Task directions. In the data below, locate the line containing "Bridge program extended: readFromFile" and the line containing "Possui cabo e", then retype both and everything between them exactly. Pictures are not part of the copy.

Dataset excerpts.
···
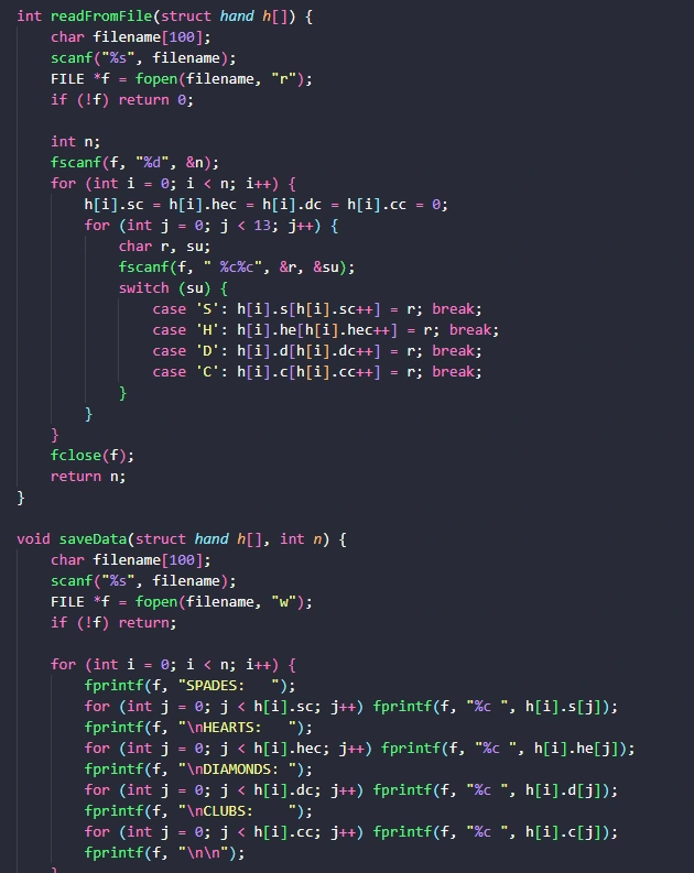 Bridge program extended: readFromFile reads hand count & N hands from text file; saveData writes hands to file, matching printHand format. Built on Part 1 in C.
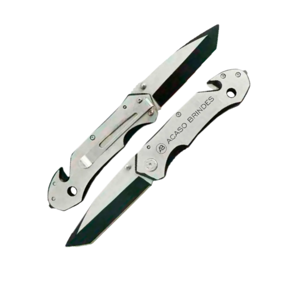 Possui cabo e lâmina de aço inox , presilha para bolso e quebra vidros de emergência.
···
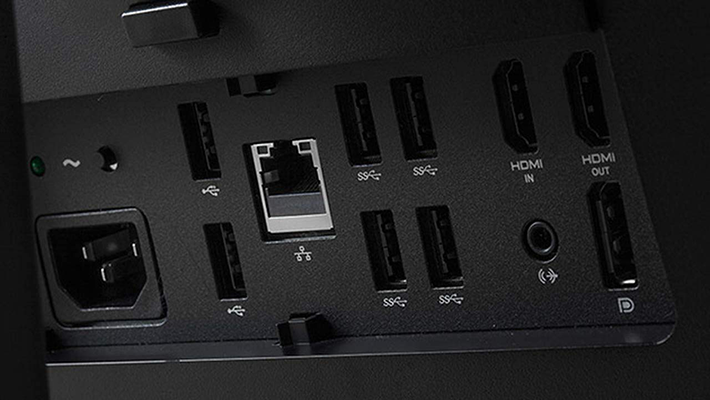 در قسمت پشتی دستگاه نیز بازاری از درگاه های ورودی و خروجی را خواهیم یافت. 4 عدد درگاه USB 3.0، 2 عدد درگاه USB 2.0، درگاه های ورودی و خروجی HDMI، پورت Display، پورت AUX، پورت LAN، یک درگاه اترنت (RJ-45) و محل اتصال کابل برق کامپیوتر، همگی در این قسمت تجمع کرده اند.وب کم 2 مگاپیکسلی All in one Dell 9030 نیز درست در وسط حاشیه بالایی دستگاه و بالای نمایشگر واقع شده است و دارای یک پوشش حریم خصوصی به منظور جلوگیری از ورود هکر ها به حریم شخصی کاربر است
···
Solution.
 Bridge program extended: readFromFile reads hand count & N hands from text file; saveData writes hands to file, matching printHand format. Built on Part 1 in C.
 Possui cabo e lâmina de aço inox , presilha para bolso e quebra vidros de emergência.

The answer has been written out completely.